Максим не обернулся и исчез за дверьми. Вернувшись на свой стул, Родион устроил на коленях большие, в прожилках руки и стал ждать, когда Максим появится. Больше ему в этом доме заняться было нечем, разве включить телевизор...
Через некоторое время в соседней комнате раздался звук разбитого стекла и возглас:
— Ай!
— Ты чего натворил там?— строго спросил Родион с порога, потом увидел осколки бутылки, лужу воды и ветку клена с зелеными листиками. Максим виновато и огорченно вздохнул и взялся собирать кусочки стекла.
— Ну нет, брат, ты свое уже сделал, отойди теперь!

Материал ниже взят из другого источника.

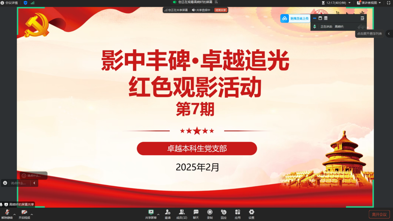 为弘扬红色文化,传承革命精神,2月21日,pg游戏电子模拟器卓越本科生党支部举行了第七期“影中丰碑·卓越追光”红色观影活动。此次活动的主题聚焦“最美奋斗者”焦裕禄,全体支部成员共同参与,通过光影艺术重温“人民好书记”焦裕禄的感人事迹,在沉浸式学习中感悟共产党人的初心使命,激发干事创业的责任担当。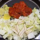 Dakgalbi no vege no tebbokki. So different from eating at shop. The chicken size all small break pieces.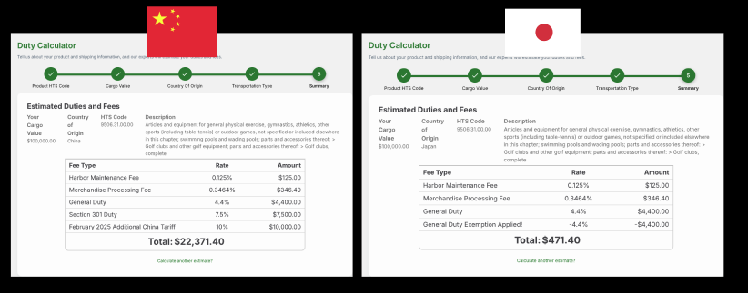 ✔ Run tariff simulations – Before exploring new suppliers, Importal’s Duty Calculator helps brands analyze duty and tax savings across global sourcing options, ensuring they retain every possible dollar. For example, importing golf clubs from Japan instead of China would reduce duties by 21.9%.

Родион нашел веник, смел стекло, вытер воду, поднял и хотел выбросить в ведро ветку.
Максим испугался:
— Нет!
— Подумаешь, ботаник нашелся,— сказал Родион тем же строгим голосом.— Ну, а куда ее?
Максим отозвался эхом:
— Куда ее?
— Да, подскажи, брат. Я тут — гость.
Максим повертел головенкой, постоял среди комнаты, оттопырив нижнюю губу, увидел в буфете пустую вазочку, ткнул в ее сторону пухлым пальчиком.
— Давай?..— попросил.
— Ну, давай. Только кто после отвечать будет?

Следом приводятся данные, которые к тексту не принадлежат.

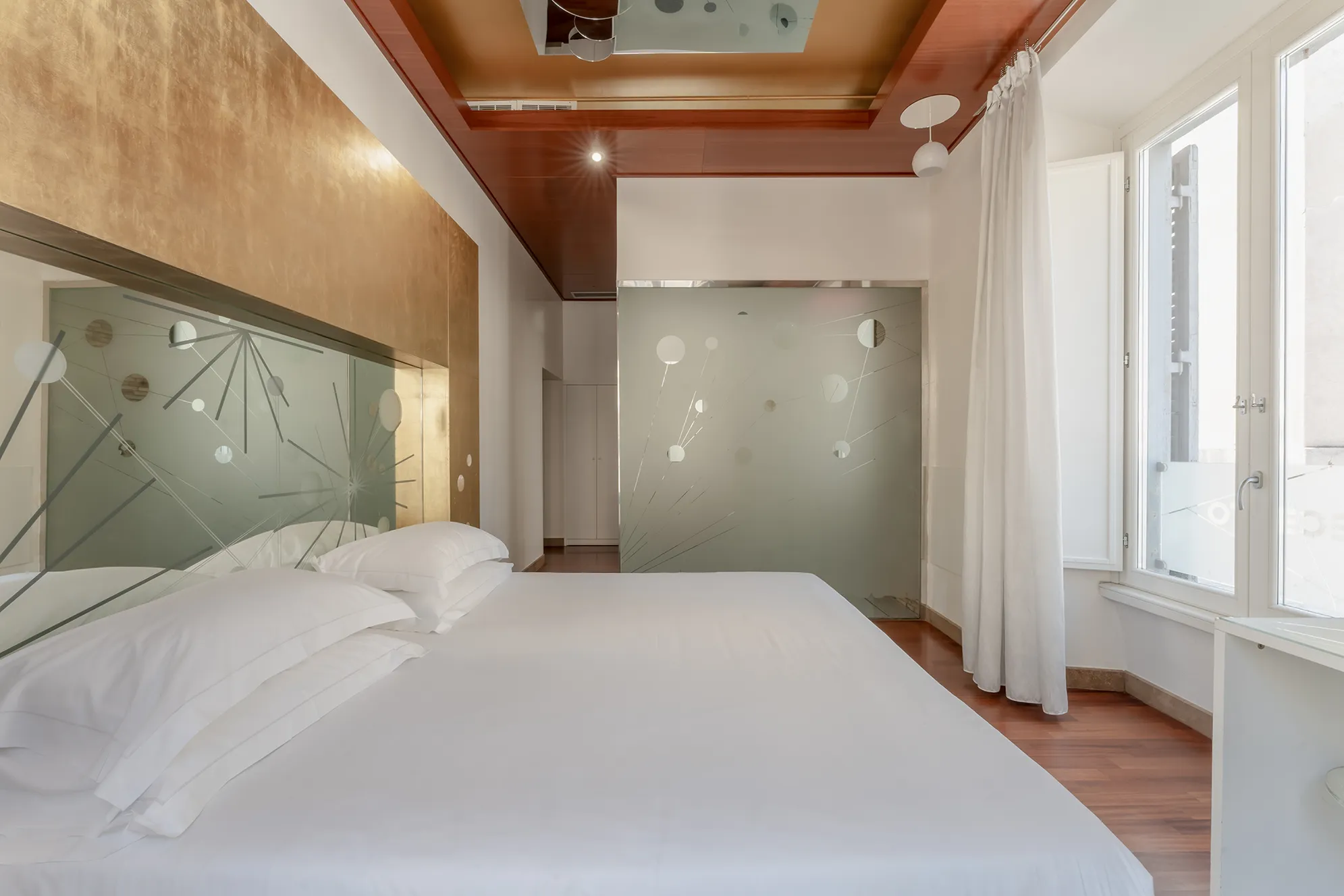 Il letto king-size, valorizzato da eleganti luci da lettura, invita a momenti di relax intimo, mentre la domotica integrata permette agli ospiti di regolare illuminazione e atmosfera secondo le proprie preferenze, creando ogni volta l’ambiente ideale.

Максим задумался, внимательно посмотрел на Родиона, потом кинулся к табурету, потянул его за собой, вскарабкался, открыл дверцу буфета.
— Ишь, какие мы гордые,— усмехнулся Родион, тотчас вспомнив приход Майи Артемьевны с ее ультиматумами.— Ладно, сам я.— Снял Максима с табурета, удивившись, что мальчишка уже что-то весит, не как в прошлый раз, когда Родион увидел его впервые: был он тогда крошечным сморщенным красным тельцем — и только. Налил воды, опустил веточку, отряхнул руки.— Больше не смей лазить!— велел.

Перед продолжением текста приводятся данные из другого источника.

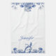 Crea un regalo personalizado con un aspecto elegante. Esta toalla de cocina tiene ilustraciones florales azules y blancos con un acento de pájaro que parece vintage china. Está listo para ser personalizado con un nombre que coincida con las letras azules.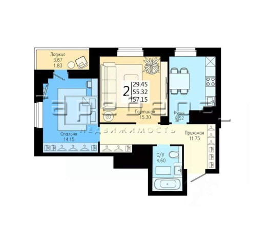 Описание: Уютная двухкомнатная квартира с видом на закатную и рассветную стороны
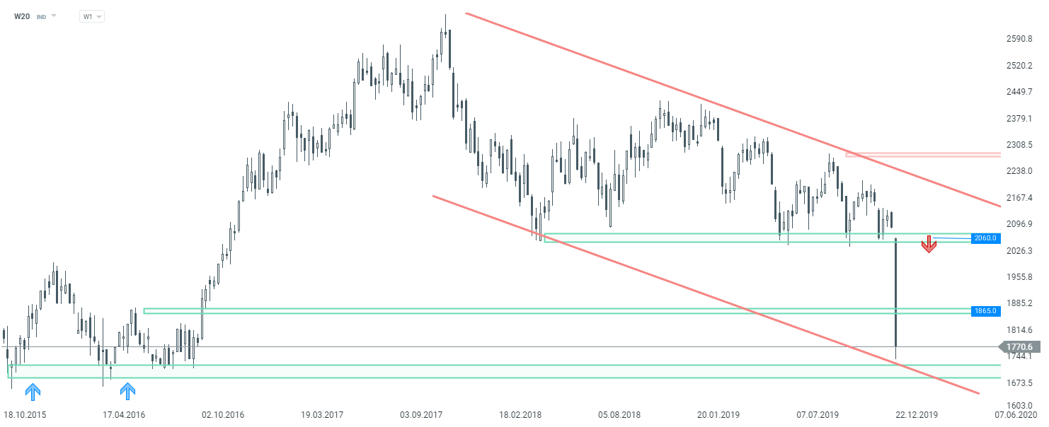 Przecena na indeksie największych polskich spółek pogłębia się. W20 bez większego problemu pokonał wsparcie przy poziomie 1865 pkt, i aktualnie wszystko wskazuje na test strefy przy 1700 pkt, do której poniekąd niewiele już dziś zabrakło. Obszar zaznaczony kolorem zielonym z pewnością nie będzie obojętny dla kupujących. Wystąpienie reakcji popytowej w tych okolicach może doprowadzić do krótkoterminowego odreagowania, niemniej należy pamiętać, że główna tendencja pozostaje spadkowa. Ewentualne wybicie poniżej, może doprowadzić do całkowitej kapitulacji popytu i dalszych spadków. Jednak na tę chwilę poziom powinien być bacznie obserwowany.

Максим насупился, глянул и потопал назад, к кушетке, прихватив по пути какую-то свою затрепанную книжку. Родион последовал за ним:
— Читать, что ли, будешь?
Максим опять поднял на него быстрый взгляд и тут же уткнулся в раскрытые странички. Пыхтя, начал:
— Ко-ро-ва пи-ла мм... молоко.
— Пила молоко кто? Корова?— усмехнулся Родион, но тут же почувствовал неловкость: откуда малому знать буквы, придумывает. Сел рядом на кушетку, заглянул в книжку: конечно же — телок. Да и текста нет такого — стихи, совсем о другом. Спросил:— Ты ее в глаза видел, корову? Нет? А я, брат, в селе вырос, там и коров, и коз, и кабанов и всего прочего — табуны... Да... Зачем я уехал, не знаешь?
Максим серьезно задумался, ответил:
— Нет.
— И я не знаю. Жил бы там, горя не знал: свой дом, старики, речка, лес — праздник души. А тут что? Квартиру снимаю, работа нудная...
Максим вслушивался, внимательно покачивая головой, вздыхая, будто понимал что.
— А ты—«корова»... Телок это, брат.
Максим не согласился.
— Корова.
— Я же объяснил — телок!
— Корова пила мм...молоко,— твердо произнес он.
Родион усмехнулся:
— Ну и упрямец. Лгунишка ты, брат, и упрямец.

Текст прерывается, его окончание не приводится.